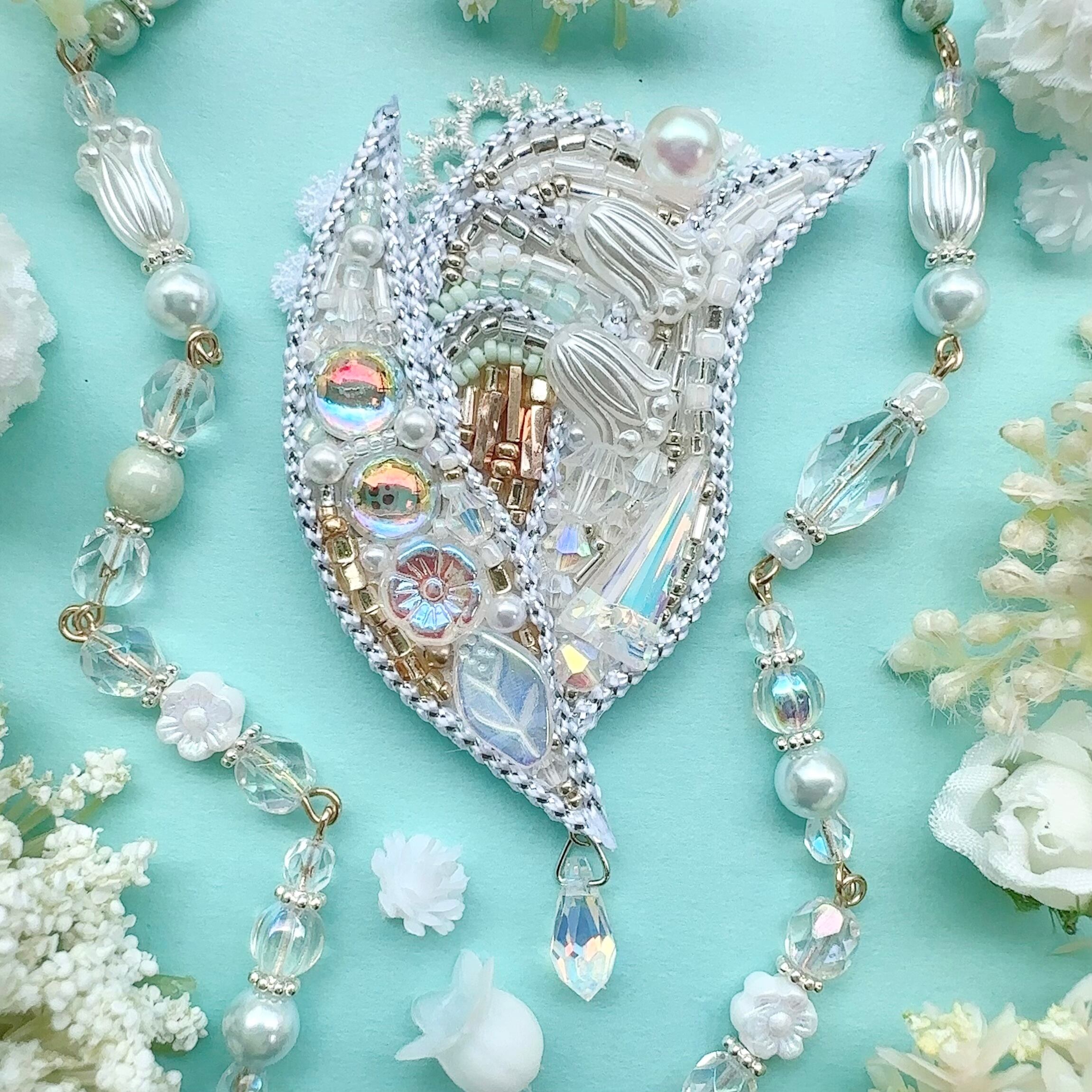 ビーズ刺繍のブローチ・ネックレス・バッグチャームの3wayです。
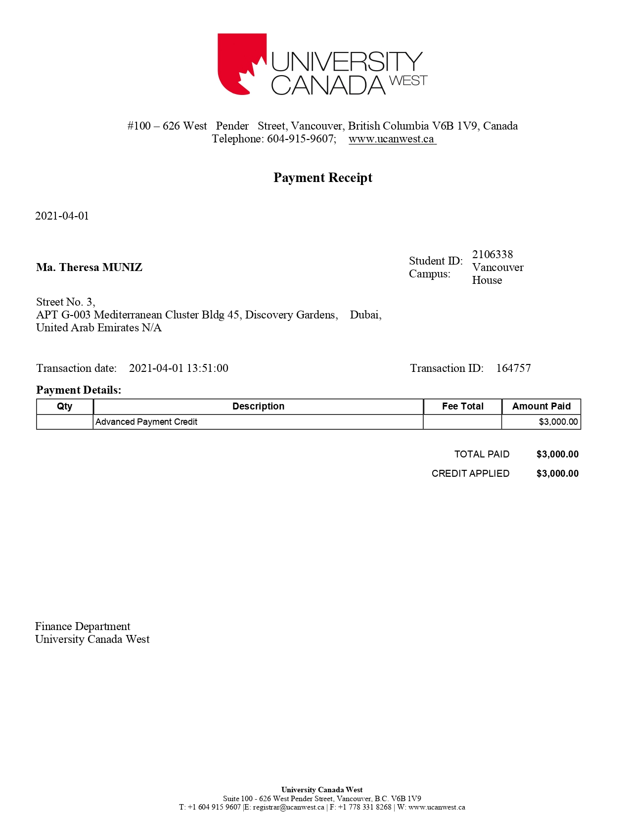 Due to willful neglect of not reading emails correctly but only responded with ready to copy & paste responses from UCW, my aim to study in Jan 2023 did not happen thus, kindly help in refunding the deposit I paid to them of USD 3,000. I’d been trying to get my revised LOA from a request in May 2022 for Jan 2023 intake but unfortunately, Mr. Sahib of UCW Recruitment staff was not able to provide the LOA but responding with a different request from several exchanges of emails till he found out in Nov 2022 only that I need to submit English proficiency certificate. The requirement originally without IELTS for Filipinos that’s why I was encouraged to apply to immediately receive an LOA and apply for study permit. Some changes happened in my situation in Dubai to delay my intake but whenever I needed a revised LOA, it was being provided on time. It was that much leniency during pandemic times and I was even informed that I can request for a revised LOA if I need so. I had the same situation as currently, I have been working in Dubai and given proof that English has been the main communication in my workplace and provided the same certificate letter that I was given LOA but now, they said it’s not acceptable. With those experiences happened with them of not knowing exactly what’s the requirement and being exhausted and disappointed as to the right information to receive, I am totally give up to deal with them and I am not happy to continue my study in UCW. Thus, please help to resolve this matter the soonest.
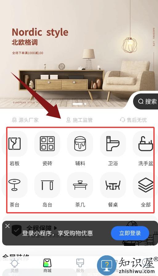 3、商城汇聚源头厂商产品,涵盖瓷砖、卫浴、辅料等装修材料。
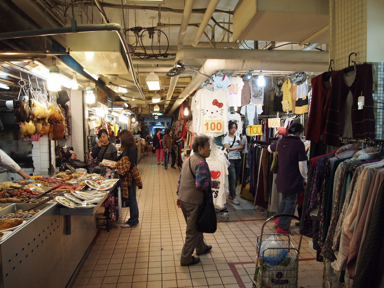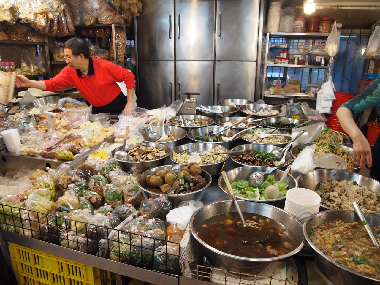 市場には生鮮野菜、果物、肉類や調理済みの簡単な食材が売られています。
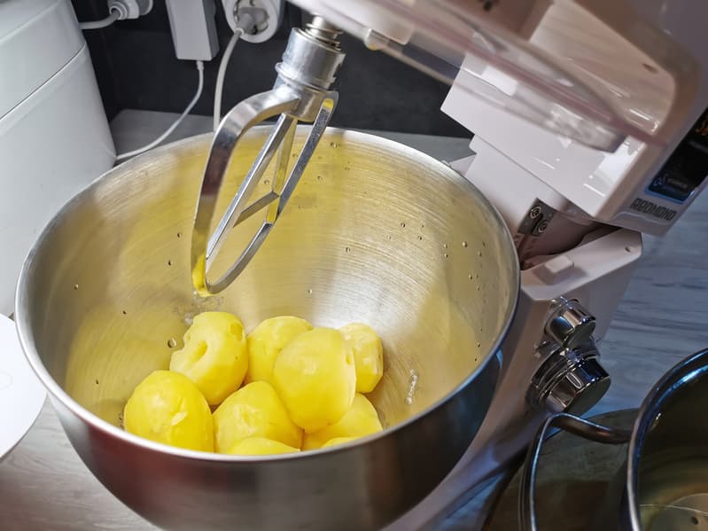 К отварному картофелю мы добавили 20 граммов сливочного масла и, включив миксер, стали через окошко в защитной крышке постепенно вливать стакан горячей воды.
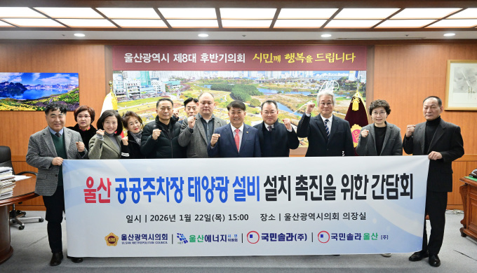 울산시의회는 22일 '에너지특구 울산·AI 수도 울산' 비전 실현의 일환으로 '공공주차장 태양광 설치 촉진을 위한 간담회'를 열고 울산형 시민주도 방식의 재생에너지 추진안을 제안했다.
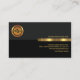 Au-dessus, le même thème de conception est utilisé. La couche supérieure a le logo or et le nom commercial. La colonne noire située en-dessous contient vos coordonnées et votre option de slogan pour faire connaître vos services.
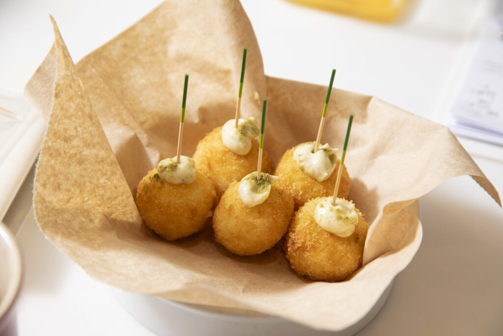 イタリアのライスコロッケ「アランチーニ」を、京都・わらじやでヒントを得たという山椒マヨネーズと、錦市場の五色あられで和風にアレンジ。
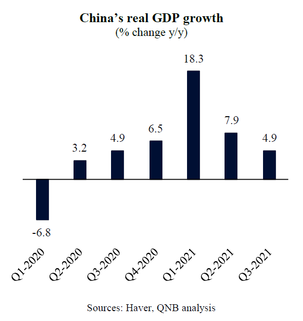 All in all, the real estate and export sectors were the main driving forces of the Chinese economy since the Covid-19 shock. However, policy tightening and real estate headwinds are already contributing to a significant slowdown. Moreover, energy supply constraints are starting to also negatively affect the export sector. Hence, we expect to see growth in China to decelerate further in Q4 2021, before re-gaining momentum next year, as the impact of policy tightening fades and supply constraints ease.

TASK INSTRUCTIONS: When you copy the listing, keep every line exactly as it is but leave out all images.

ANSWER BOX:
 ビーズ刺繍のブローチ・ネックレス・バッグチャームの3wayです。
 Due to willful neglect of not reading emails correctly but only responded with ready to copy & paste responses from UCW, my aim to study in Jan 2023 did not happen thus, kindly help in refunding the deposit I paid to them of USD 3,000. I’d been trying to get my revised LOA from a request in May 2022 for Jan 2023 intake but unfortunately, Mr. Sahib of UCW Recruitment staff was not able to provide the LOA but responding with a different request from several exchanges of emails till he found out in Nov 2022 only that I need to submit English proficiency certificate. The requirement originally without IELTS for Filipinos that’s why I was encouraged to apply to immediately receive an LOA and apply for study permit. Some changes happened in my situation in Dubai to delay my intake but whenever I needed a revised LOA, it was being provided on time. It was that much leniency during pandemic times and I was even informed that I can request for a revised LOA if I need so. I had the same situation as currently, I have been working in Dubai and given proof that English has been the main communication in my workplace and provided the same certificate letter that I was given LOA but now, they said it’s not acceptable. With those experiences happened with them of not knowing exactly what’s the requirement and being exhausted and disappointed as to the right information to receive, I am totally give up to deal with them and I am not happy to continue my study in UCW. Thus, please help to resolve this matter the soonest.
 3、商城汇聚源头厂商产品,涵盖瓷砖、卫浴、辅料等装修材料。
 市場には生鮮野菜、果物、肉類や調理済みの簡単な食材が売られています。
 К отварному картофелю мы добавили 20 граммов сливочного масла и, включив миксер, стали через окошко в защитной крышке постепенно вливать стакан горячей воды.
 울산시의회는 22일 '에너지특구 울산·AI 수도 울산' 비전 실현의 일환으로 '공공주차장 태양광 설치 촉진을 위한 간담회'를 열고 울산형 시민주도 방식의 재생에너지 추진안을 제안했다.
 Au-dessus, le même thème de conception est utilisé. La couche supérieure a le logo or et le nom commercial. La colonne noire située en-dessous contient vos coordonnées et votre option de slogan pour faire connaître vos services.
 イタリアのライスコロッケ「アランチーニ」を、京都・わらじやでヒントを得たという山椒マヨネーズと、錦市場の五色あられで和風にアレンジ。
 All in all, the real estate and export sectors were the main driving forces of the Chinese economy since the Covid-19 shock. However, policy tightening and real estate headwinds are already contributing to a significant slowdown. Moreover, energy supply constraints are starting to also negatively affect the export sector. Hence, we expect to see growth in China to decelerate further in Q4 2021, before re-gaining momentum next year, as the impact of policy tightening fades and supply constraints ease.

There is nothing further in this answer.